TASK MATERIAL
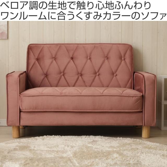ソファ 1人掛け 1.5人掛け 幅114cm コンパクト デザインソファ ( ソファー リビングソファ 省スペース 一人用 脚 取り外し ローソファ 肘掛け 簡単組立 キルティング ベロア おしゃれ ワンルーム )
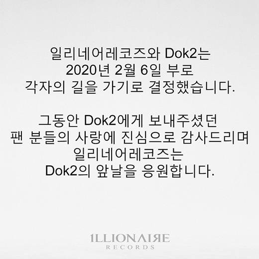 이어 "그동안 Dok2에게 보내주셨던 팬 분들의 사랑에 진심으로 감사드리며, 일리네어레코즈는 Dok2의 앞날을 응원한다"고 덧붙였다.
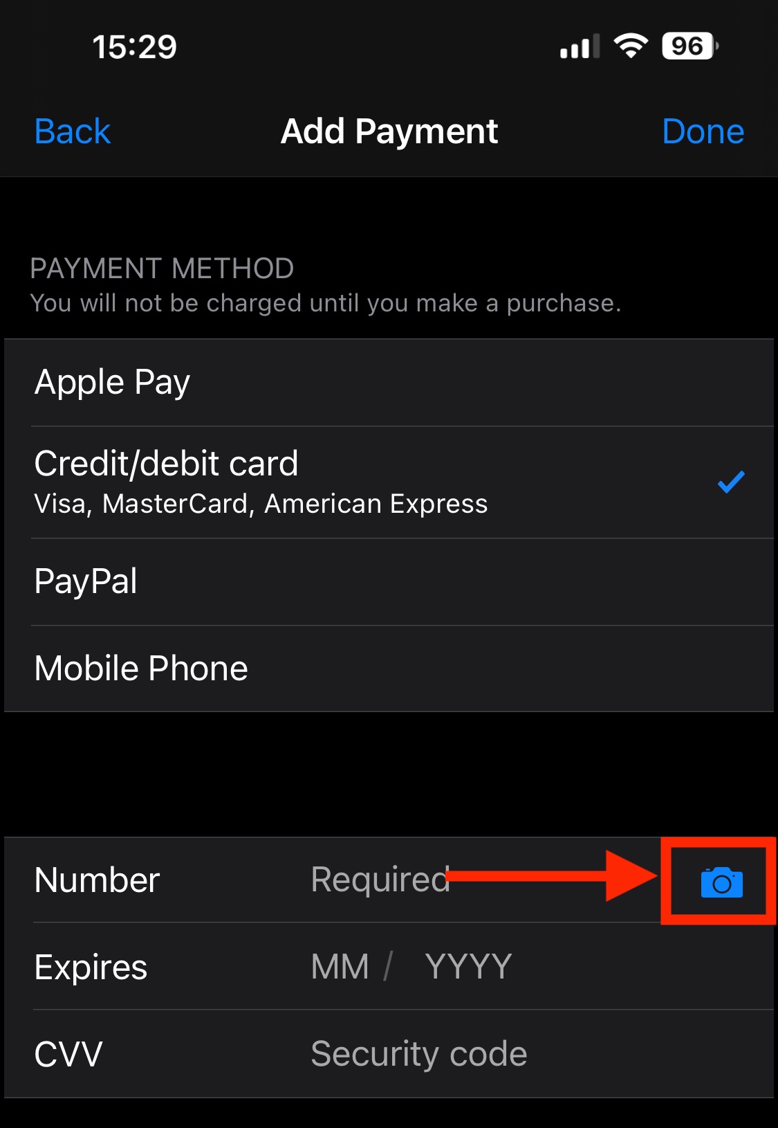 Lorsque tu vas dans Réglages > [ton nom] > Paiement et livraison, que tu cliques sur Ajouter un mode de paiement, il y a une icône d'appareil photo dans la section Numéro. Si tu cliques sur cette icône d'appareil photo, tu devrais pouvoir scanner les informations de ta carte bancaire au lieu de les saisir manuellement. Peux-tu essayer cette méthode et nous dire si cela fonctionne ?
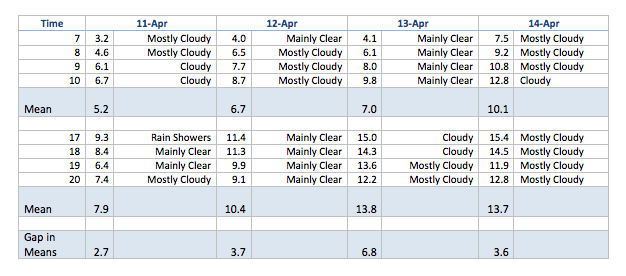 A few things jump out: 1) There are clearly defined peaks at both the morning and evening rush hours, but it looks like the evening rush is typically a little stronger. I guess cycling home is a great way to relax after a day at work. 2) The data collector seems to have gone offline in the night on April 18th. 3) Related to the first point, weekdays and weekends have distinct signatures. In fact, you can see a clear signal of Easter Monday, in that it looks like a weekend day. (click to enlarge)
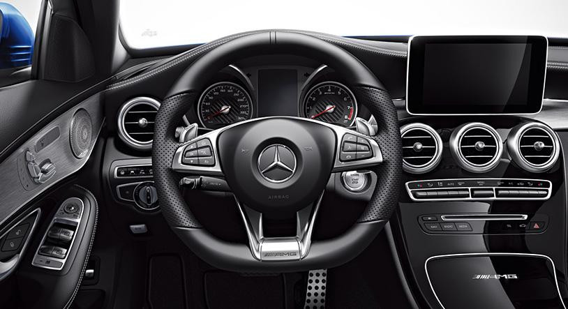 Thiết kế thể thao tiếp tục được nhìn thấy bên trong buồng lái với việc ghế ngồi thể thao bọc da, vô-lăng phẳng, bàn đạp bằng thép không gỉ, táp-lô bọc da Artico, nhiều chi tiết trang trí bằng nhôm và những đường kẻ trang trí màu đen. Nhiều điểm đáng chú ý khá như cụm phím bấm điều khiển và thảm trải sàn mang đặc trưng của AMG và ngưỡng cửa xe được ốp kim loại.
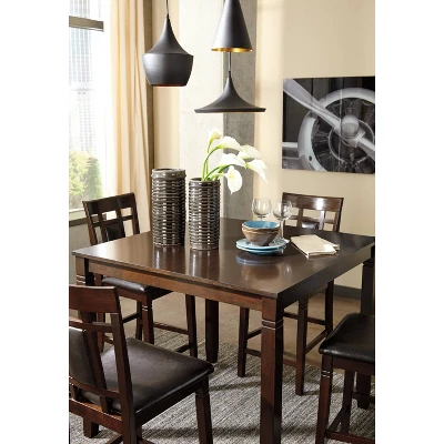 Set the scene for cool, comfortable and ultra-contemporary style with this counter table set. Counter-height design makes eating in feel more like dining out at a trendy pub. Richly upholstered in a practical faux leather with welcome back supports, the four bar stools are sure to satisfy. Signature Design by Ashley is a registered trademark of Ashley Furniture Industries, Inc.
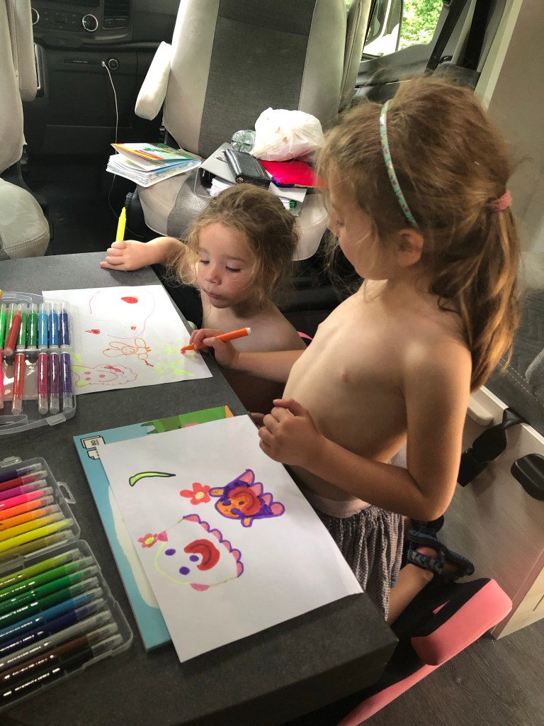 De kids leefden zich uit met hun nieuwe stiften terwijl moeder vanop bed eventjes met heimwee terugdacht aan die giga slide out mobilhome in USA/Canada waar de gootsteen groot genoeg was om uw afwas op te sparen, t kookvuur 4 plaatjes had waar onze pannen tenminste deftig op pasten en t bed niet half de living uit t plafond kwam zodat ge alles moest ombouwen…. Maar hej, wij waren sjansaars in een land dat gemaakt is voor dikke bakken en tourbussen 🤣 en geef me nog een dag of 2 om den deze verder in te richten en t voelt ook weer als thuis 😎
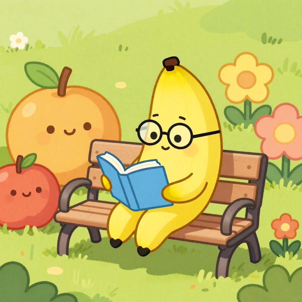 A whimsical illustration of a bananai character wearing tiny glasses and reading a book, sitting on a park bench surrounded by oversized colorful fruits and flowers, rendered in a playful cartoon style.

PROBLEM STATEMENT
All entries must be output unchanged, with every picture omitted.

OUTPUT FOR THIS EXERCISE
ソファ 1人掛け 1.5人掛け 幅114cm コンパクト デザインソファ ( ソファー リビングソファ 省スペース 一人用 脚 取り外し ローソファ 肘掛け 簡単組立 キルティング ベロア おしゃれ ワンルーム )
 이어 "그동안 Dok2에게 보내주셨던 팬 분들의 사랑에 진심으로 감사드리며, 일리네어레코즈는 Dok2의 앞날을 응원한다"고 덧붙였다.
 Lorsque tu vas dans Réglages > [ton nom] > Paiement et livraison, que tu cliques sur Ajouter un mode de paiement, il y a une icône d'appareil photo dans la section Numéro. Si tu cliques sur cette icône d'appareil photo, tu devrais pouvoir scanner les informations de ta carte bancaire au lieu de les saisir manuellement. Peux-tu essayer cette méthode et nous dire si cela fonctionne ?
 A few things jump out: 1) There are clearly defined peaks at both the morning and evening rush hours, but it looks like the evening rush is typically a little stronger. I guess cycling home is a great way to relax after a day at work. 2) The data collector seems to have gone offline in the night on April 18th. 3) Related to the first point, weekdays and weekends have distinct signatures. In fact, you can see a clear signal of Easter Monday, in that it looks like a weekend day. (click to enlarge)
 Thiết kế thể thao tiếp tục được nhìn thấy bên trong buồng lái với việc ghế ngồi thể thao bọc da, vô-lăng phẳng, bàn đạp bằng thép không gỉ, táp-lô bọc da Artico, nhiều chi tiết trang trí bằng nhôm và những đường kẻ trang trí màu đen. Nhiều điểm đáng chú ý khá như cụm phím bấm điều khiển và thảm trải sàn mang đặc trưng của AMG và ngưỡng cửa xe được ốp kim loại.
 Set the scene for cool, comfortable and ultra-contemporary style with this counter table set. Counter-height design makes eating in feel more like dining out at a trendy pub. Richly upholstered in a practical faux leather with welcome back supports, the four bar stools are sure to satisfy. Signature Design by Ashley is a registered trademark of Ashley Furniture Industries, Inc.
 De kids leefden zich uit met hun nieuwe stiften terwijl moeder vanop bed eventjes met heimwee terugdacht aan die giga slide out mobilhome in USA/Canada waar de gootsteen groot genoeg was om uw afwas op te sparen, t kookvuur 4 plaatjes had waar onze pannen tenminste deftig op pasten en t bed niet half de living uit t plafond kwam zodat ge alles moest ombouwen…. Maar hej, wij waren sjansaars in een land dat gemaakt is voor dikke bakken en tourbussen 🤣 en geef me nog een dag of 2 om den deze verder in te richten en t voelt ook weer als thuis 😎
 A whimsical illustration of a bananai character wearing tiny glasses and reading a book, sitting on a park bench surrounded by oversized colorful fruits and flowers, rendered in a playful cartoon style.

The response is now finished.